TASK INPUTS:
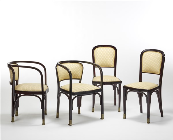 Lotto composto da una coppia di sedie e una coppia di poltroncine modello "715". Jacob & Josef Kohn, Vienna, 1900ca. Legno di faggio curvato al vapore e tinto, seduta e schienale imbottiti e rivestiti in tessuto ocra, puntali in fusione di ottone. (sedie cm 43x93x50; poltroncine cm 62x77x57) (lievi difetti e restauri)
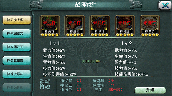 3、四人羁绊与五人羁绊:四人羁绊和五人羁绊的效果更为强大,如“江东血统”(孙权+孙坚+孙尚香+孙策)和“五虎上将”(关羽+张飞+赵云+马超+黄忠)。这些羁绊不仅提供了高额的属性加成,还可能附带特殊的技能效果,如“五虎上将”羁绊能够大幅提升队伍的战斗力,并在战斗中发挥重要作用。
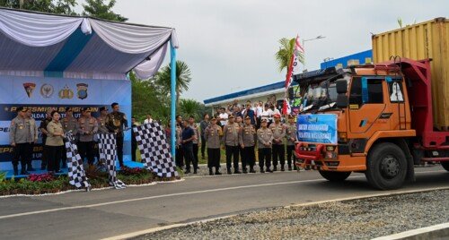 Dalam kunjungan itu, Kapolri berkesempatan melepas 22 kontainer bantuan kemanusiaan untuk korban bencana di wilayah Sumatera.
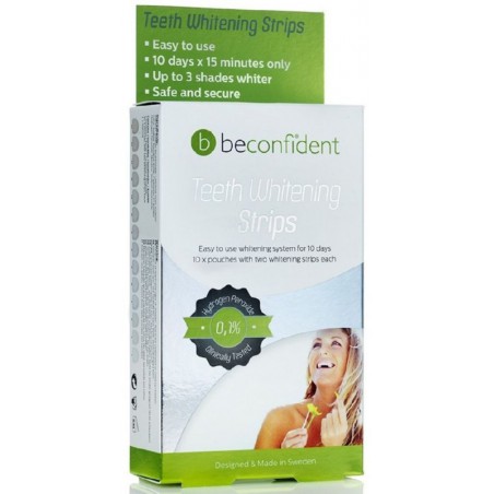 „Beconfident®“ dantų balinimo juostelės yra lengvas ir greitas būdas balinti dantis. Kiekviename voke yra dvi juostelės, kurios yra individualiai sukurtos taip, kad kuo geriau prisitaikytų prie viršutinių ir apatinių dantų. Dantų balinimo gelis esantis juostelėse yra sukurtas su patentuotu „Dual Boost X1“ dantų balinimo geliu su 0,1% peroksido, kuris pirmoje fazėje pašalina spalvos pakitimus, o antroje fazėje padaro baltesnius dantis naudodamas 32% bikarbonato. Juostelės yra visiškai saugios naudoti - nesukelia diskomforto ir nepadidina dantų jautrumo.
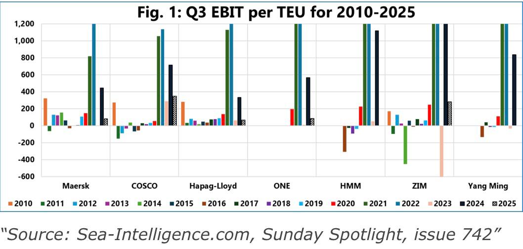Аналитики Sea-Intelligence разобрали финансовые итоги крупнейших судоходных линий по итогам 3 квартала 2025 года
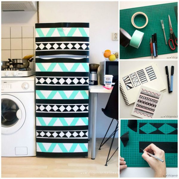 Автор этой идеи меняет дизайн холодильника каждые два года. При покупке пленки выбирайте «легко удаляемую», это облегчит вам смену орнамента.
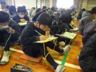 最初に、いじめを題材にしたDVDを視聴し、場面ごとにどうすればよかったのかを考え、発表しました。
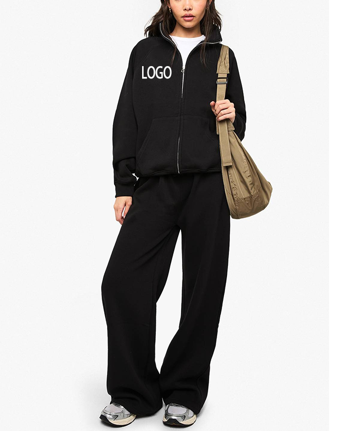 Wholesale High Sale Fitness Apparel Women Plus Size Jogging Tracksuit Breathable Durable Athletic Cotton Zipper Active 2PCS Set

---

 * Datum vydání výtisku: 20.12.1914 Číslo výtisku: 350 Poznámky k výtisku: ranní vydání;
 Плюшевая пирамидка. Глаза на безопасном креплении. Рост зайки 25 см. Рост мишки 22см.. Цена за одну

---

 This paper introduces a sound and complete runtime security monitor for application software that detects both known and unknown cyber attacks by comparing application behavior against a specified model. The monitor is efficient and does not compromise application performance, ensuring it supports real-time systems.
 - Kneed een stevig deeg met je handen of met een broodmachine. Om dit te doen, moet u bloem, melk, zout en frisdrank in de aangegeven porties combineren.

WHAT YOU NEED TO DO: Reproduce the listing above from the line that holds "Аналитики Sea-Intelligence разобрали" through the line that holds "Wholesale High Sale", both included, with the pictures left out.

COMPLETED EXERCISE:
Аналитики Sea-Intelligence разобрали финансовые итоги крупнейших судоходных линий по итогам 3 квартала 2025 года
 Автор этой идеи меняет дизайн холодильника каждые два года. При покупке пленки выбирайте «легко удаляемую», это облегчит вам смену орнамента.
 最初に、いじめを題材にしたDVDを視聴し、場面ごとにどうすればよかったのかを考え、発表しました。
 Wholesale High Sale Fitness Apparel Women Plus Size Jogging Tracksuit Breathable Durable Athletic Cotton Zipper Active 2PCS Set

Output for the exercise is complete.